What you are asked to do:
Please set down exactly the lines from the one that contains "Председатель Комитета по" through the end of the material, leaving out every picture.

Dataset content:
☆ ☆ ☆ ☆

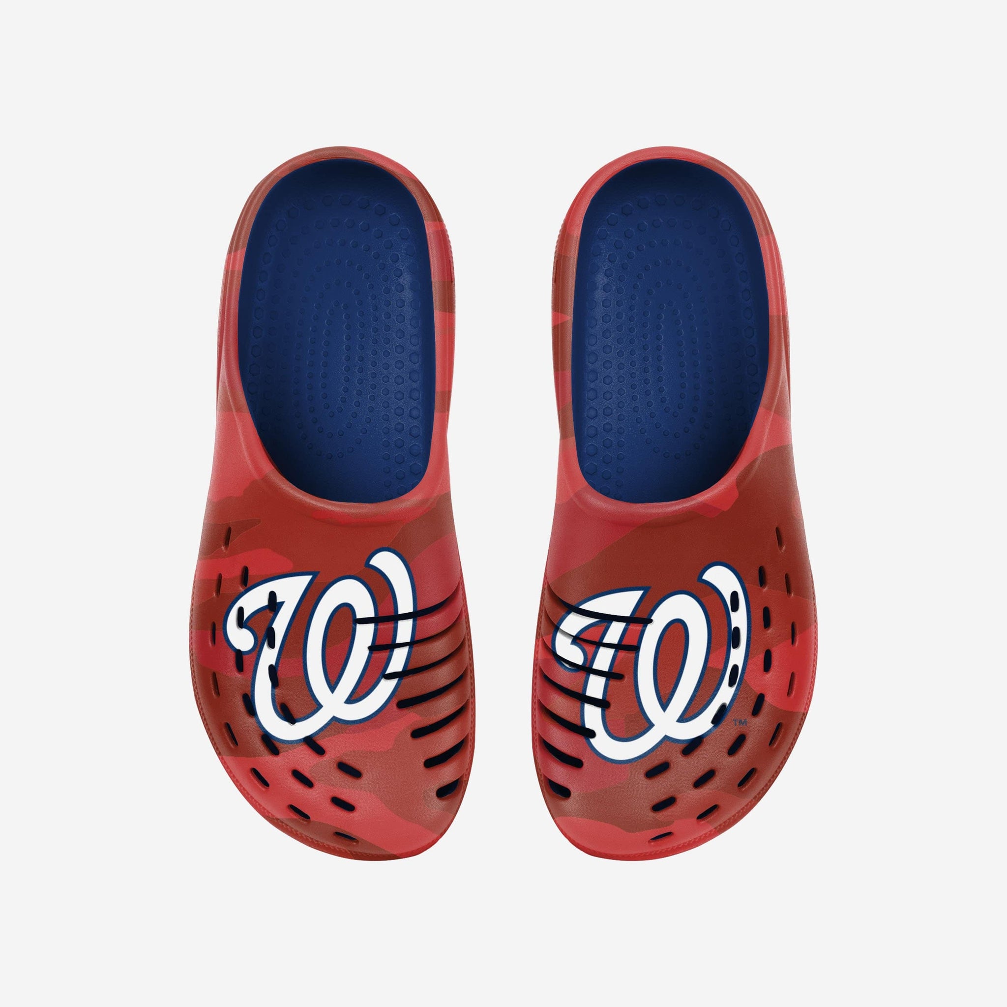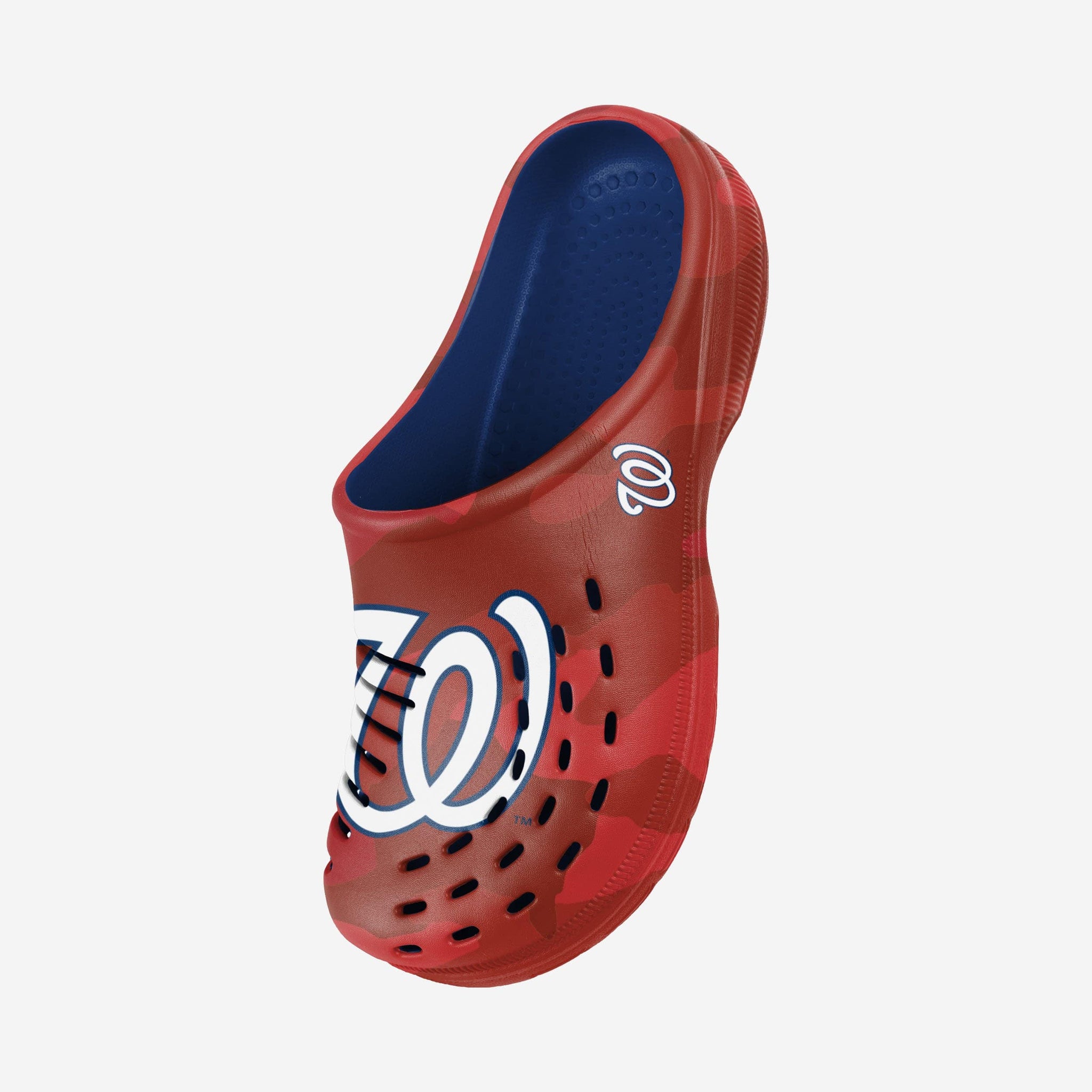 Chanting GO TEAM GO just looks better when you're rocking some camo. Prove your fandom is a STEP above by proudly rocking these Washington Nationals Tonal Camo Clogs.
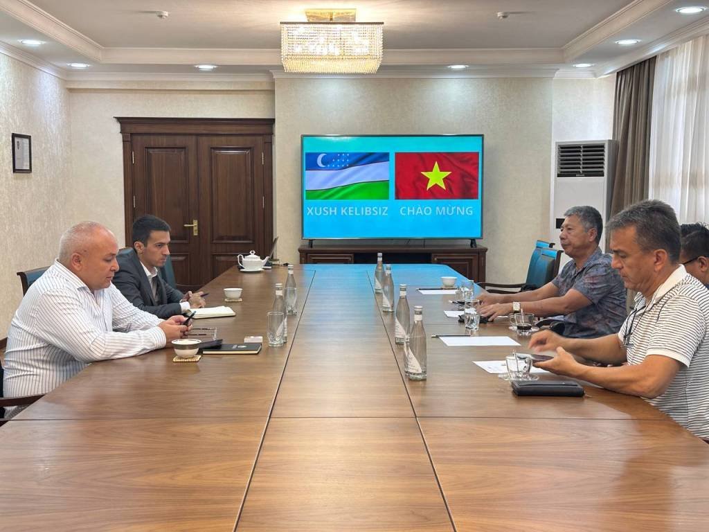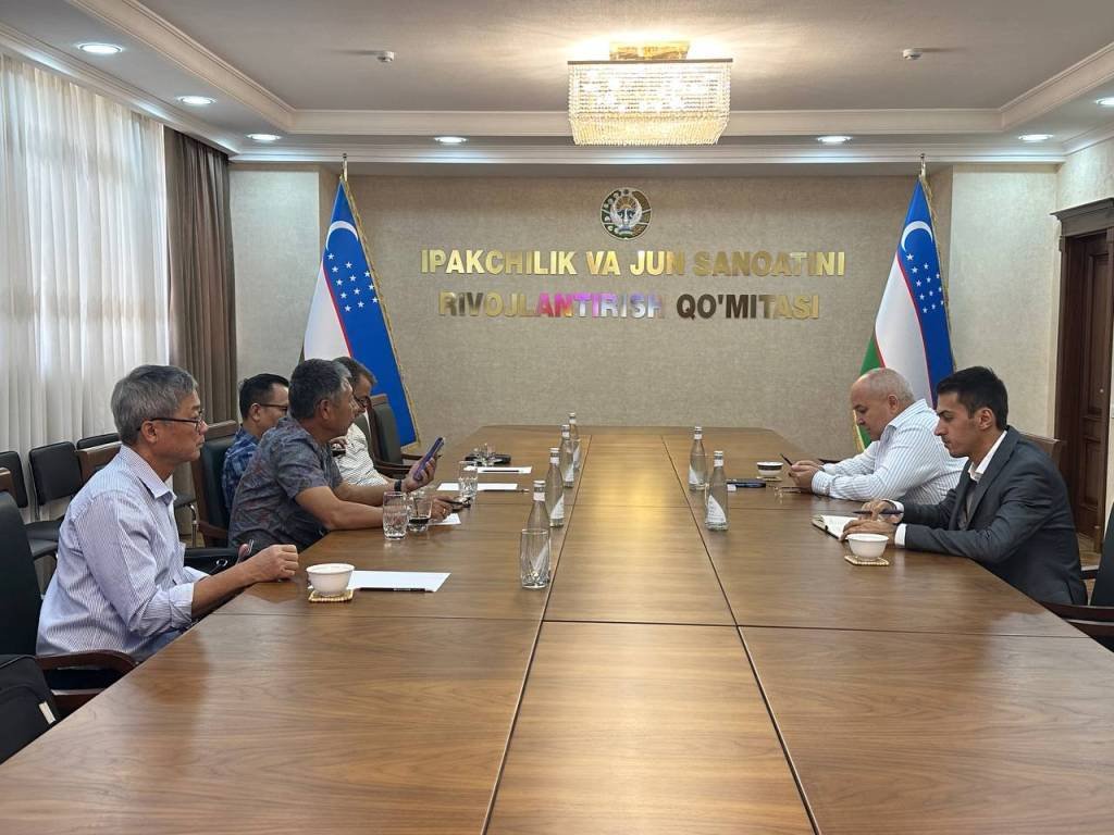 Председатель Комитета по развитию шелководства и шерстяной промышленности Республики Узбекистан Бахром Шарипов принял делегацию из Вьетнама во главе с руководителем компании "Ming Sang Co Ltd" Доаном.
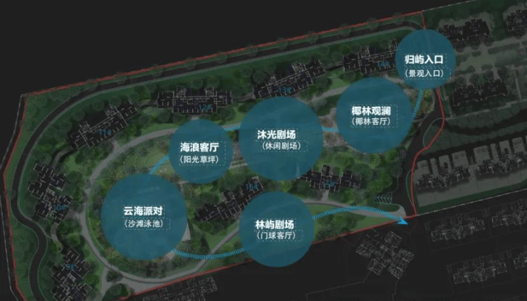 项目社区景观以“林屿” 为主线贯穿园林始终,结合度假生活的需求和海岛的居住文化、自然资源景观等,园林八大主题空间串联,包括椰林嘉观澜,沐光剧场、海浪客厅等场景交织,兼顾功能性和美观性。

☆ ☆ ☆ ☆

Exercise result:
 Председатель Комитета по развитию шелководства и шерстяной промышленности Республики Узбекистан Бахром Шарипов принял делегацию из Вьетнама во главе с руководителем компании "Ming Sang Co Ltd" Доаном.
 项目社区景观以“林屿” 为主线贯穿园林始终,结合度假生活的需求和海岛的居住文化、自然资源景观等,园林八大主题空间串联,包括椰林嘉观澜,沐光剧场、海浪客厅等场景交织,兼顾功能性和美观性。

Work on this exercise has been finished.